I hope it holds up. I had a TON of melt down here at the shoreline. I think I still had a good 6 to 8 inches of snow in my yard and it was all gone by the time I went to bed last night. This morning, even the piles from shoveling are almost gone and probably will be by the time I get back from watching some football this afternoon.


----------



## severine (Dec 27, 2009)

It holds up better than you'd think. Get on out there and enjoy the spring bumps today!


----------



## bvibert (Dec 27, 2009)

They have plenty of base down, a little rain isn't going to wash it all away.  I'm not too worried yet, besides cold temperatures will return tomorrow night and through the week so they can start making snow again where needed.


----------



## SteveInCT (Dec 27, 2009)

severine said:


> It holds up better than you'd think. Get on out there and enjoy the spring bumps today!



I would love to, but, as sad as this is to say: I need to see if my football team can clinch a playoff berth today! I guess I will have to get out there for a little night skiing this week to make up for my football induced slacking. ;-)


----------



## SteveInCT (Dec 27, 2009)

Oh yea.. and I forgot to mention: I SUCK at the bumps! Brian can confirm! hahaha


----------



## severine (Dec 27, 2009)

SteveInCT said:


> I would love to, but, as sad as this is to say: I need to see if my football team can clinch a playoff berth today! I guess I will have to get out there for a little night skiing this week to make up for my football induced slacking. ;-)

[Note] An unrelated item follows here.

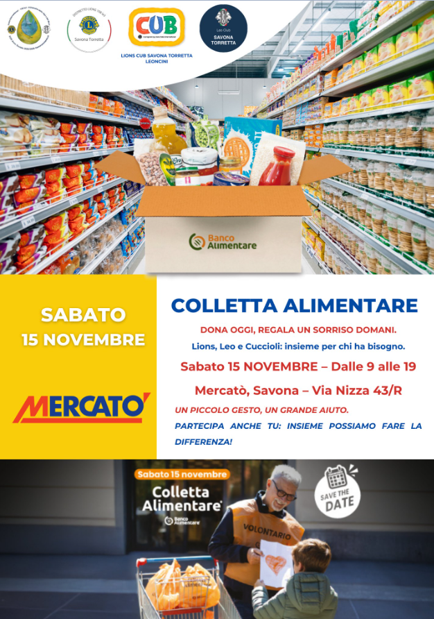Il Lions Club Savona Torretta desidera esprimere un sincero ringraziamento alla comunità savonese per la straordinaria adesione alla Colletta Alimentare del 15 novembre, svoltasi anche quest’anno presso il Mercatò di Via Nizza. La generosità di tante persone ci ha permesso di raggiungere quasi 1200 kg di generi alimentari, un risultato che conferma quanto la nostra città sappia essere vicina a chi sta vivendo un momento di difficoltà.

:lol: That's okay. Gotta do what you gotta do. Wishing I could get out there and ski but my knee won't stand for this spring-like snow right now so I'm living vicariously through the guys. Good luck to your team!


----------



## SteveInCT (Dec 27, 2009)

severine said:


> :lol: That's okay. Gotta do what you gotta do. Wishing I could get out there and ski but my knee won't stand for this spring-like snow right now so I'm living vicariously through the guys. Good luck to your team!



I know it isn't my place to say this since I don't have all the facts about the condition of your knee, but many times the best thing to do is strengthen the problem area so stability is restored. Sure, you shouldn't go out there and hammer the crap out of it, but hitting a quiet run or two will put light stress on the muscles and, in response, they grow stronger and more stable. Either way, I hope your knee gets better soon! Would love to hit a few runs with the two of you next time I am there.


----------



## severine (Dec 27, 2009)

SteveInCT said:


> I know it isn't my place to say this since I don't have all the facts about the condition of your knee, but many times the best thing to do is strengthen the problem area so stability is restored. Sure, you shouldn't go out there and hammer the crap out of it, but hitting a quiet run or two will put light stress on the muscles and, in response, they grow stronger and more stable. Either way, I hope your knee gets better soon! Would love to hit a few runs with the two of you next time I am there.


Oh, I agree. But I have trouble with heavy snow as it is, so probably best not to overdo it today. I'm going to try to get out during the day this week. And yes, would love to meet up with you sometime at the mighty Sundown!


----------